Ключевые слова: тревога, депрессия, рак молочной железы, фактор некроза опухоли TNF
Депрессия является одним из самых распространенных психических расстройств. Среди онкологических больных депрессивные расстройства обнаруживаются у 8-24% пациентов, в зависимости от метода диагностики выраженности тревоги и депрессии, типа опухоли и фазы лечения онкологического заболевания [Krebber et al., 2014]. В ряде исследований показано, что депрессия значительно повышает смертность онкологических больных [Satin et al., 2009; Vodermaier et al., 2014; Low, Stanton, 2015; Kanani et al., 2016].
В настоящее время депрессивные состояния рассматривают как некий континуум расстройств так называемого депрессивного спектра, начинающихся по разным причинам, но имеющих сходный финал в виде хронического снижения активности и настроения [Ковпак, Третьяк, 2013]. Причины, вызывающие депрессивное состояние, можно условно поделить на две группы: биологические факторы и психосоциальные. Чем выше роль биологических факторов, тем важнее лечение медикаментами, чем выше роль психосоциальных факторов - тем важнее роль психотерапии. Этот принцип предложен швейцарским психиатром P.Kielholz в 1972 году и лежит в основе этиопатогенетической классификации депрессий.
В результате психотравмирующих ситуаций возникают не только психогенные депрессии, но и эндогенные депрессии.
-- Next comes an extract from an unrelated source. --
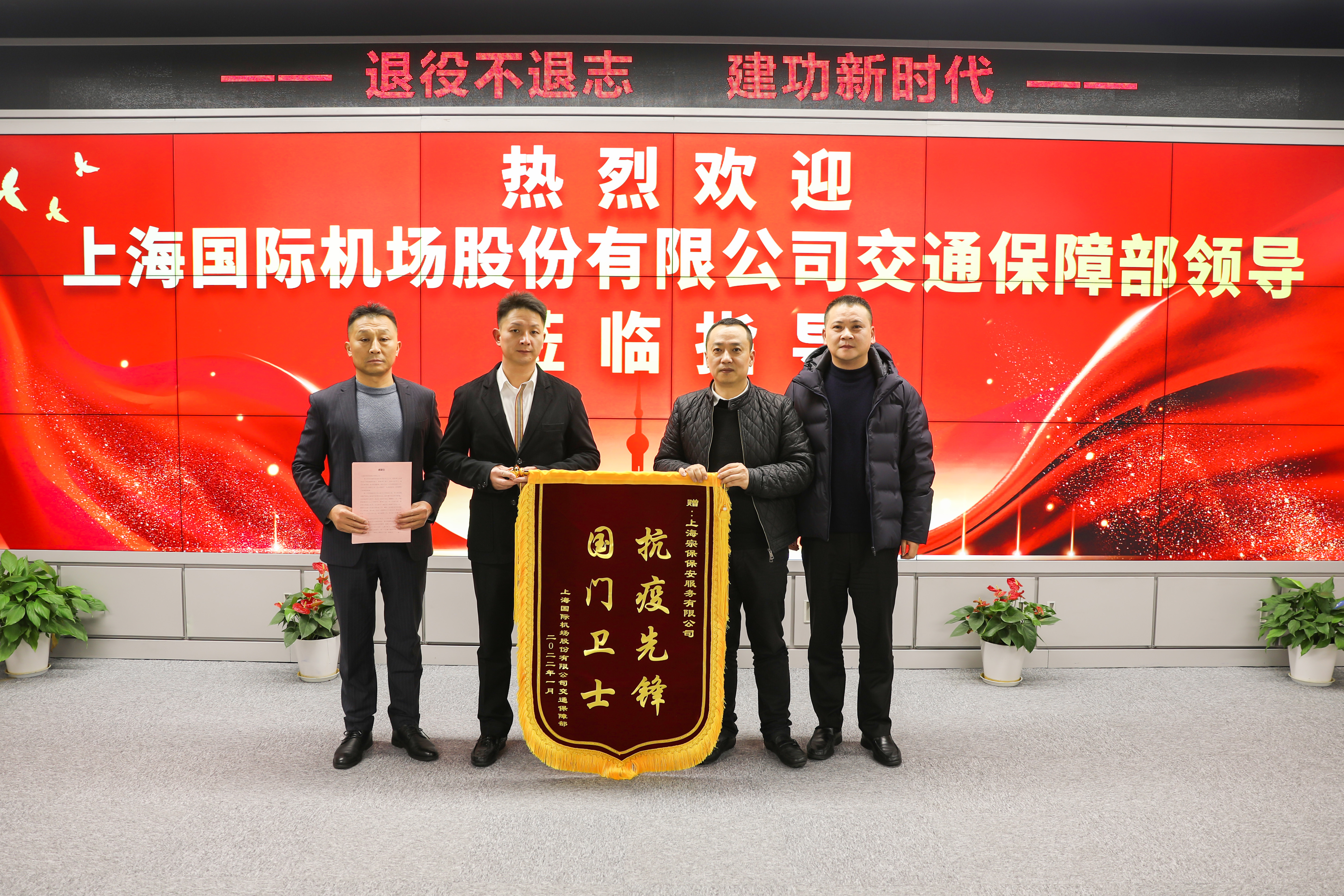 1月25日上午,上海国际机场股份有限公司安检护卫保障部党委书记鲍飞荣、纪委书记陈长波将一面绣有“防疫一线勇挑重担当尖兵 守护空港忠诚履职保平安”的锦旗送到宗保公司,感谢公司对浦东机场防疫工作的大力支持和突出表现。

Но эндогенные депрессии могут возникать и самопроизвольно у лиц с наследственной предрасположенностью. Влияние повторных и массивных психических травм, связанных с пережитой беспомощностью, приводит к серии последовательных физиологических изменений и, в конечном итоге, к повышению уровней гормонов коры надпочечников в крови (гиперкортизолемии), которые осуществляют адаптацию к стрессу. Однако при длительном повышении секреции глюкокортикоидов и действии стресса образующиеся регуляторные белковые молекулы цитокинов способны вызывать повреждения нейронов лимбической системы (так называемый киндлинг-синдром). Впоследствии происходит восстановление поврежденных нейронов при помощи нейротрофического фактора. У предрасположенных личностей повторная стимуляция беспомощности и утрат приводит к постепенному развитию аутоиммунного конфликта (также с участием цитокинов) с образованием антител к нейротрофическому фактору, в результате чего нарушается процесс восстановления нейронов серотонинергических регуляторных мозговых систем. Так запускается депрессия как автономный (эндогенный) процесс [Ковпак, Третьяк, 2013].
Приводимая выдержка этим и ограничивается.